When the band recorded demos with producer Spencer Proffer, he suggested adding a breakdown at the song's end. The musicians agreed, but were not sure what to do. Listening to the demo in a loop, Rose started saying to himself, "Where do we go? Where do we go now?" and Proffer suggested that he sing that.
An alternate version featuring half a live version, half a newly recorded 1999 version plays during the credits of the movie Big Daddy.

Music video
The "Sweet Child o' Mine" video depicts the band rehearsing in Mendiola's Ballroom at Huntington Park, surrounded by crew members.
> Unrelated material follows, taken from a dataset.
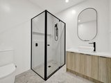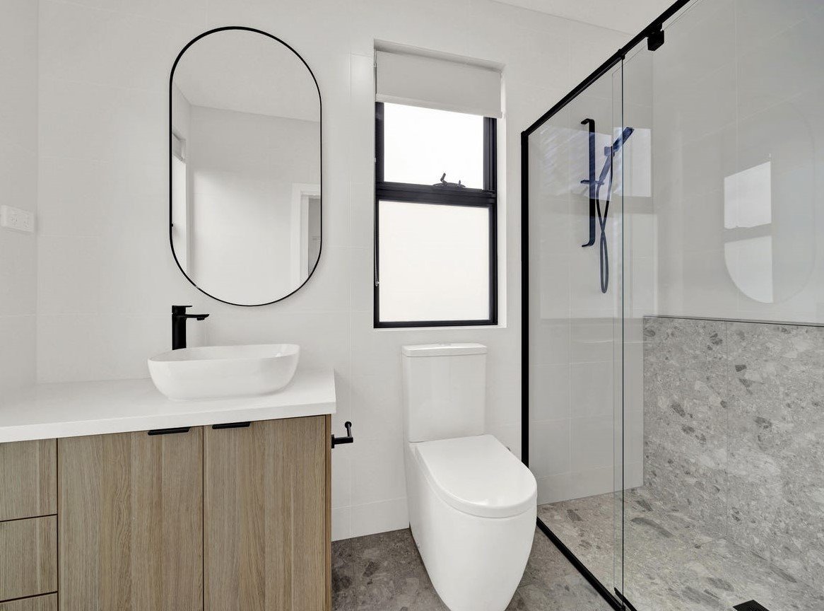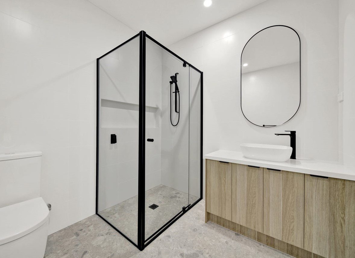 Both bathrooms showcase contemporary black-framed showers, stone-top vanities and timber cabinetry, bringing a consistent sense of quality throughout the home. The overall feel is calm, modern and incredibly easy to maintain.

All of the band members' girlfriends at the time were shown in the clip: Rose's girlfriend Erin Everly, daughter of Don Everly of the Everly Brothers; McKagan's girlfriend Mandy Brix, from the all-female rock band the Lame Flames; Stradlin's girlfriend Angela Nicoletti; Adler's girlfriend Cheryl Swiderski; and Slash's girlfriend Sally McLaughlin. Stradlin's dog was also shown. The video was successful on MTV, and helped launch the song to success on mainstream radio.
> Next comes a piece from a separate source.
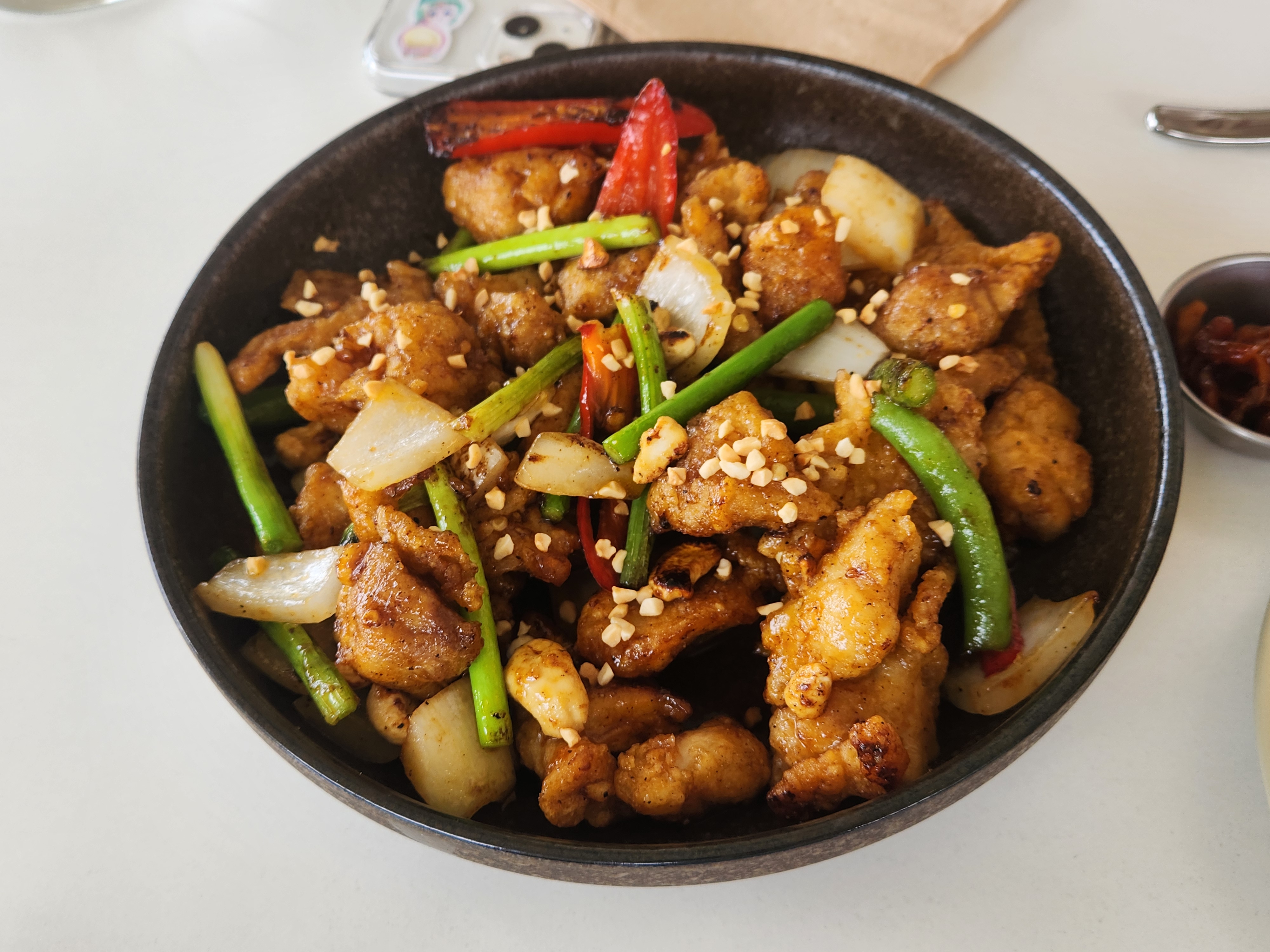 닭고기와 캐슈넛 양파 등등이

To make "Sweet Child o' Mine" more marketable to MTV and radio stations, the song was edited down from 5:56 to 4:13, for the radio edit/remix, with much of Slash's guitar solo removed. This drew the ire of the band, including Rose, who commented on it in a 1989 interview with Rolling Stone: "I hate the edit of 'Sweet Child O' Mine.' Radio stations said, 'Well, your vocals aren't cut.' My favorite part of the song is Slash's slow solo; it's the heaviest part for me. There's no reason for it to be missing except to create more space for commercials, so the radio-station owners can get more advertising dollars. When you get the chopped version of 'Paradise City' or half of 'Sweet Child' and 'Patience' cut, you're getting screwed."

A 7-inch vinyl format and cassette single were released. The album version of the song was included on the US single release, while the UK single was the "edit/remix" version. The 12-inch vinyl format also contained the longer LP version. The B-side to the single is a non-album, live version of "It's So Easy".

On an interview on Eddie Trunk's New York radio show in May 2006, Rose stated that his original concept for the video focused on the theme of drug trafficking. According to Rose, the video was to depict an Asian woman carrying a baby into a foreign land, only to discover at the end that the child was dead and filled with heroin. This concept was rejected by Geffen Records.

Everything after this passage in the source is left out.